Editors Reads Verdict
Lethem's most ambitious novel — a portrait of Brooklyn in the 1970s and the specific forms of racial friendship that the era produced, examined through music, comic books, and the impossible idealism of interracial childhood.
What We Loved
- The 1970s Brooklyn is rendered with extraordinary sensory and cultural precision
- The racial dynamics of the friendship — and what they cost both boys — are handled with unusual honesty
- The music chapters, particularly the ones about soul and early hip-hop, are among the best writing about popular music in American fiction
Minor Drawbacks
- The second half — which moves to the 1990s — is less vivid than the 1970s childhood sections
- The supernatural element (the ring) sits slightly awkwardly with the social realism
Key Takeaways
- → Childhood friendship across racial lines is real and rare, and what happens to it in adulthood is one of American society's most painful patterns
- → The gentrification of Brooklyn — beginning in the 1980s — transformed a specific form of working-class interracial culture into something else
- → Popular music — soul, funk, hip-hop — was the shared cultural space where the 1970s Gowanus block most fully cohered
| Author | Jonathan Lethem |
|---|---|
| Publisher | Doubleday |
| Pages | 511 |
| Published | September 9, 2003 |
| Language | English |
| Genre | Literary Fiction |
| Difficulty | Intermediate |
| Best For | Readers of American literary fiction interested in race, friendship, and the social history of New York, and fans of Motherless Brooklyn who want Lethem at larger scale. |
Dean Street
Gowanus, Brooklyn, 1974. Dylan Ebdus’s father Abraham, a film composer and experimental artist, has moved to Dean Street because the rent is cheap and because he has artistic ideas about living in a mixed neighbourhood. Dylan is the only white kid on the block. He is surrounded, immediately and permanently, by the social dynamics of that fact.

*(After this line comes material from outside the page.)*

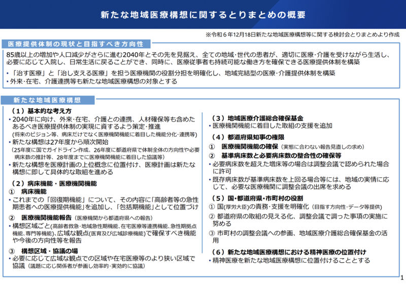 改正医療法に基づく新たな地域医療構想の関連規定は2027年4月に施行されます。これに合わせ、総合確保方針の改正、基金への新区分追加など一連の法令整備が進む見通しです。都道府県では2026年度に医療提供体制全体の方向性や必要病床数の推計を行い、2028年度までに医療機関機能に着目した協議を完了させるスケジュールとなっています。

His friendship with Mingus Rude — son of Barrett Rude Jr., a soul singer in decline — is the novel’s centre. They find a ring that may give its wearer the power to fly. The ring’s real function is to give the novel permission to be something more than social realism — it is the comic book element, the fantasy, that Lethem introduces to acknowledge that childhood experience has a mythological dimension that realism alone cannot hold.
The Long Aftermath
The novel’s second half follows Dylan into adulthood — to Vermont, to Los Angeles, to a career adjacent to the music industry — and returns to Brooklyn in the 1990s to find Mingus in jail and the neighbourhood entirely transformed. The gentrification that Dean Street’s early white settlers anticipated has happened; the community that produced the friendship no longer exists.
Lethem has spoken of The Fortress of Solitude as his most autobiographical novel. The social history of Gowanus in the 1970s is accurate, and the portrait of interracial childhood friendship is drawn from life.
Frequently Asked Questions
What is "The Fortress of Solitude" about?
Dylan Ebdus grows up on a block in Brooklyn's Gowanus neighbourhood in the 1970s, the only white kid, best friends with Mingus Rude, a Black boy with a ring that may give its wearer superpowers. The novel traces their friendship across decades — from childhood through the 1990s — as the neighbourhood and their lives diverge irreparably.
Who should read "The Fortress of Solitude"?
Readers of American literary fiction interested in race, friendship, and the social history of New York, and fans of Motherless Brooklyn who want Lethem at larger scale.
What are the key takeaways from "The Fortress of Solitude"?
Childhood friendship across racial lines is real and rare, and what happens to it in adulthood is one of American society's most painful patterns The gentrification of Brooklyn — beginning in the 1980s — transformed a specific form of working-class interracial culture into something else Popular music — soul, funk, hip-hop — was the shared cultural space where the 1970s Gowanus block most fully cohered
Is "The Fortress of Solitude" worth reading?
Lethem's most ambitious novel — a portrait of Brooklyn in the 1970s and the specific forms of racial friendship that the era produced, examined through music, comic books, and the impossible idealism of interracial childhood.